Maybe it wasn’t clear what I was doing. But it seemed like it was obvious enough. To avoid talking past each other, it’s customary, at least it seems to me that it is, that an understanding of how terms are being used is needed. So depending on how @Timothy_Horton is defining “related scientific evidence” will determine how I proceed with my reply. Does that make sense?
What would happen if God was assumed to be the cause of a crime if investigators couldn’t come up with evidence for a human criminal in an arbitrary amount of time? If investigators aren’t able to point to a suspect after a year, should they just say “God did it” and stop investigating?
It’s your term. You define it and tell us how to objectively determine it.
I’m curious as to how you conclude "both of which cannot be defined in any way.
And I’m not clear what exactly you mean by “demonstrate such?” Are you saying that God cannot be demonstrated, or that His actions in the world cannot be demonstrated? Or maybe something else?
Then please provide some of this "lots… Your claimed scientific evidence indicating supernatural entities have meddled with the physical world.
I think it would be similar to how a jury decides if there’s enough evidence beyond a reasonable doubt. However, that may be to high of a standard considering we’re not deciding whether or not someone should live. But that would at least be a good starting point.
I’m not suggesting scientists “throw in the towel” so to speak. Simply that they temper their efforts more accordingly. If it seems like the more research is done the more implausible it becomes for a natural cause, that might be a good indication that before spending considerably more man hours and money on research, the main OoL researchers should put the brakes on and spend some considerable time thinking about a different approach that would at least have a chance to account for the data. Now if that’s what’s already the case then there’s no need to continue the discussion on this particular aspect of the issue. But the impression I get is that it is not the case.
You have it bass ackwards. The standard " evidence beyond a reasonable doubt" is to establish the positive case of an accused person’s guilt. If such evidence is not available in sufficient quantity or quality the conclusion is “we don’t know”, NOT “God committed the crime”.
You are claiming to have evidence beyond a reasonable doubt for the negative case, there is no natural means for OOL. That’s the blunder people keep pointing out to you which for some reason you keep making.
Clearly not by examining the evidence!
How do you know that they are not already doing so?
“Heavier-than-air flying craft are impossible.”–Lord Kelvin, 1895
Thankfully, no one packed up their workshops and went home.
I assume we’re talking hypothetically here. And just to clarify, it’s not an arbitrary amount of time, it’s when sufficient evidence is available to meet the standard of “beyond a reasonable doubt.” Now if we imagine that there were no evidence whatsoever that there was any physical cause, then we’d have to rule out all physical options. Then we couldn’t just assume God as a suspect without having some evidence to suspect that He could have done it. Does that make sense?
What was the evidence he based his claim on?
Let’s say we find a murder victim with a knife sticking out of their chest. If we are not able to find evidence of a human or any other natural being sticking that knife in that chest, do we then conclude that God did it?
The lack of anyone being able to build a heavier-than-air flying machine. People had been trying for thousands of years to build such a machine, and no one had.
So I would define it as both direct and indirect empirical evidence according to how I laid those distinctions out in my previous comment regarding such.
So are you OK with that definition? If so we can proceed onto the actual evidence. If not, then you would need to explain why you don’t agree and how you think it should be defined.
As I mentioned in my post to @cwhenderson I don’t. I don’t get that impression, but if I’m wrong I’m happy to hear it.
OK then, let’s see your direct or indirect empirical evidence for supernatural meddling in the physical world. You claimed to know of “lots” of such evidence, remember?
Please keep the discussion to positive evidence for the supernatural please. The negative “we don’t know so we can assume the supernatural did it” isn’t positive empirical evidence.
That’s precisely how it would be done. Are you suggesting that there is no evidence that would suggest that known natural causes of OoL are implausible?
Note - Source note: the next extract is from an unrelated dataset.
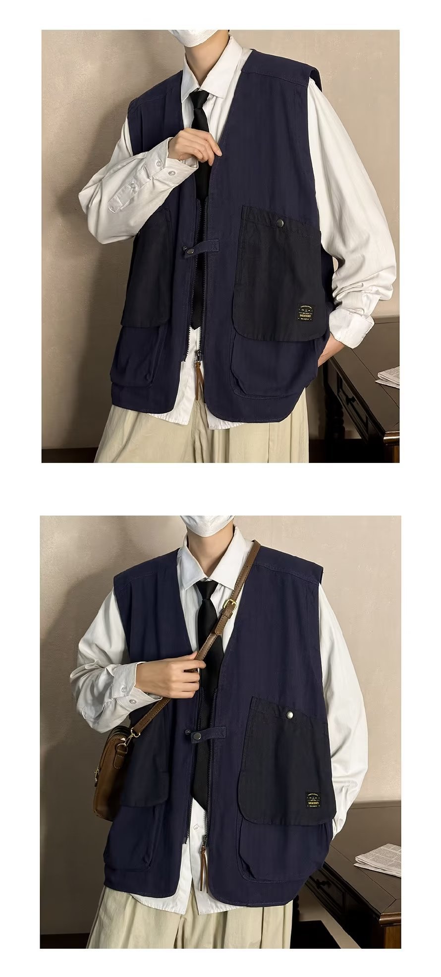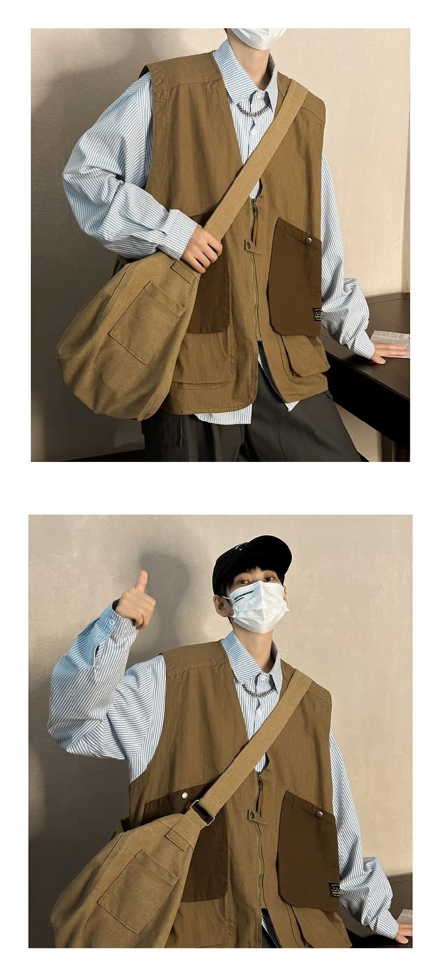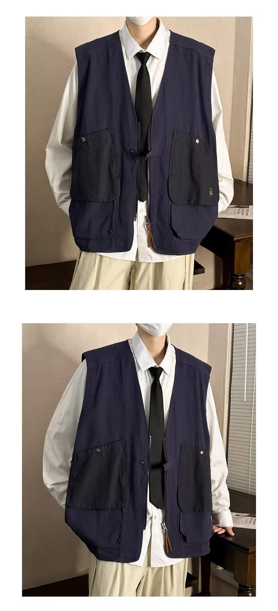 일본식 바느질 포켓 카고 조끼 남성용 빈티지 루즈 재킷 캐주얼 V 넥 탑 민소매 웨어 조끼

According to our experience of reality I think the available evidence of the knife itself would obviously implicate human activity and we would therefore have to conclude that either the murderer has not been found, or that maybe it wasn’t a murder after all, but suicide.
I don’t think any rational person would conclude that it must have been God. After all, how many cases of the sort you’re proposing has ever happened? So I think your analogy is just a bit too unrealistic to make any sense of it.
In the case of biology and origin of life, there are analogous observations. If abiogenesis did occur through natural processes then what would we expect to see in the fossil record? We would expect to see only very simple life in the earliest fossil records. This is what we see. For billions of years all we see is evidence of simple single celled life.